4 Causes of Spotting After the Menopause: 6 Things to Resolve This

Menopause is defined as cessation of menstruation after twelve months of amenorrhea. It is a stage where the natural capacity of reproduction in a woman comes to an end. Usually menopause sets in anywhere between 45 to 55 years in a woman. However, in some woman it may be few years early or late. Spotting after menopause or bleeding after menopause is not normal. The cause may be minor due to change in vagina, cervix or uterine lining or it can be more serious such as endometrial cancer. When detected early most causes of postmenopausal bleeding including endometrial carcinoma can be treated successfully.

Causes of Spotting After Menopause:

For many women menopause is a welcome relief from menses. But often when a woman experiences spotting or bleeding after menopause she gets confused and stressed. However, most of the underlying causes for postmenopausal bleeding are not concerning. But if the bleeding is frequent, it needs to be investigated as it may be a symptom of serious health problem such as endometrial or cervical malignancy. In majority of cases the cause of spotting after menopause is not found. But if the cause is malignancy, it can be detected with various investigative studies.

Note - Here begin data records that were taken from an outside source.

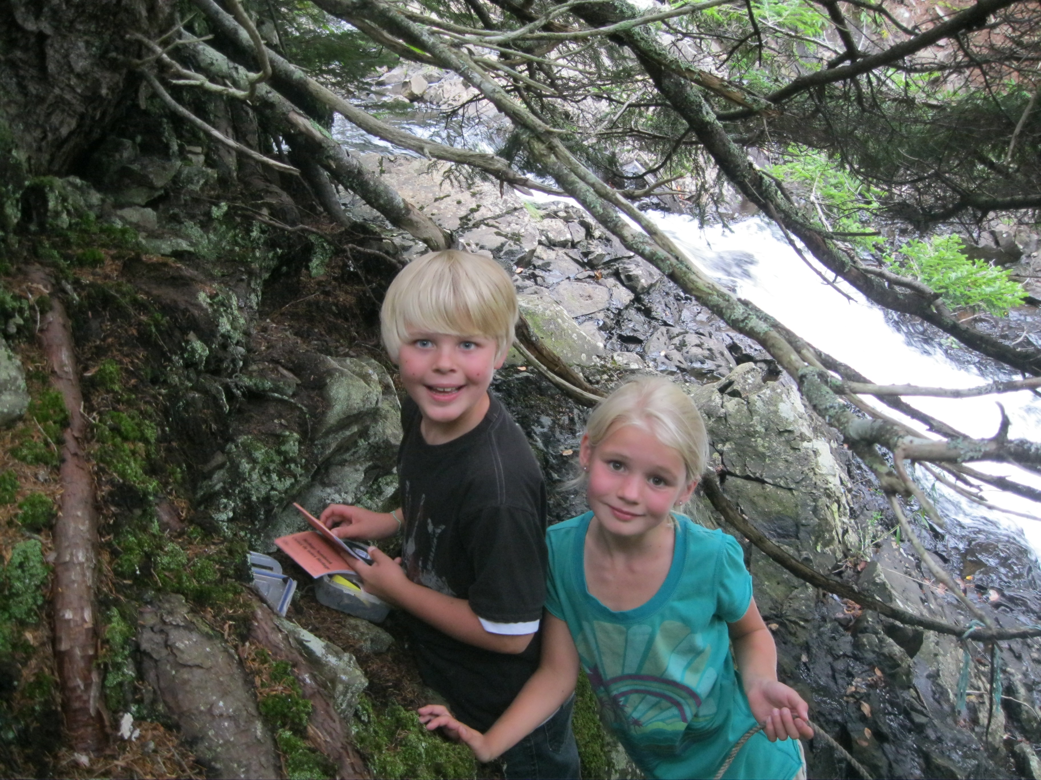 My kids have been hiking literally their entire lives.  They have all started at just a few days old in a front carrier, graduated to a backpack around six months, and as soon as they got too heavy were kicked out to keep up on their own two feet.  Those on their feet would start a hike running and dancing, hiding behind trees, exploring puddles, and fighting over who would be the leader.  But soon the hike would become a repeat of the car ride to the trail head; fighting, how-much-longers, and, my personal favorite, the I’m hungry/thirsty whine every ten steps (really, this isn’t much of an exaggeration!).  The end result of the hike- a mountain top or body of water- would bolster spirits for awhile, but then came the return hike to the car!  We have collected leaves in bags, sang songs, looked for animals along the trail; anything to entertain.  That day two years ago, though, I felt that I finally had my answer to “trail entertainment.”  And, you know what, I did!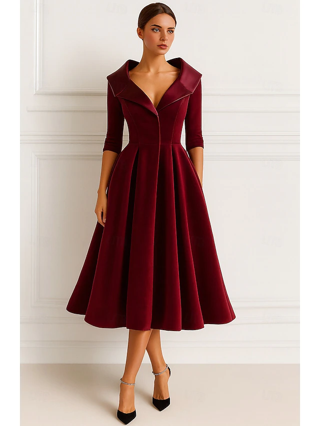 Red Black portrait collar A-Line Mother of the Bride Dress Elegant Vintage Tea Length Velvet Long Sleeve with Ruching Solid Color 1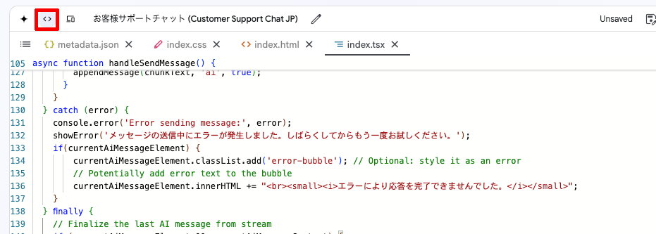 では、サンプルアプリをノーコードで改造していこう。code assistantを開いて下記のプロンプトを入力して実行。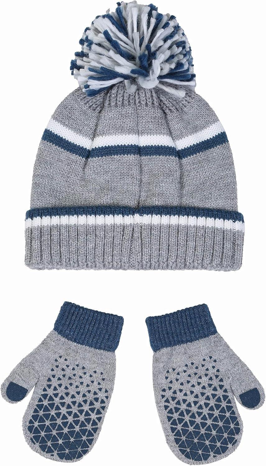 Reebok 2-Piece Baby/Toddler Winter Hat and Gripped Mittens Knitted Pom Beanie & Anti-Slip Gloves Cold Weather Accessories(Light Gray/Blue)

Here are some important reasons for postmenopausal spotting:

  • After menopause the estrogen level in the body drops. Estrogen is an important female hormone that regulates menses along with various other functions. Low level of estrogen after menopause thins out the lining of wall of vagina, uterus and cervix. In medical terminology this is referred as vaginal atrophy. Because of thinning, the wall lining become fragile and gets easily injured. It can cause sexual discomfort. Sometime spotting in such case occurs after intercourse.
  • Spotting can also occur due to polyps in uterus or on cervix. Polyps are small tiny non malignant growths. Usually they shrivel after menopause. However, if present and produce bleeding they must be removed as there is risk of malignancy.
  • Some women may have thickened endometrium due to hormone replacement therapy or due to overweight. Endometrial hyperplasia as it is known can also produce postmenopausal bleeding.
  • Cancer of cervix or uterus can also give rise of postmenopausal bleeding.

What should you do for spotting after menopause?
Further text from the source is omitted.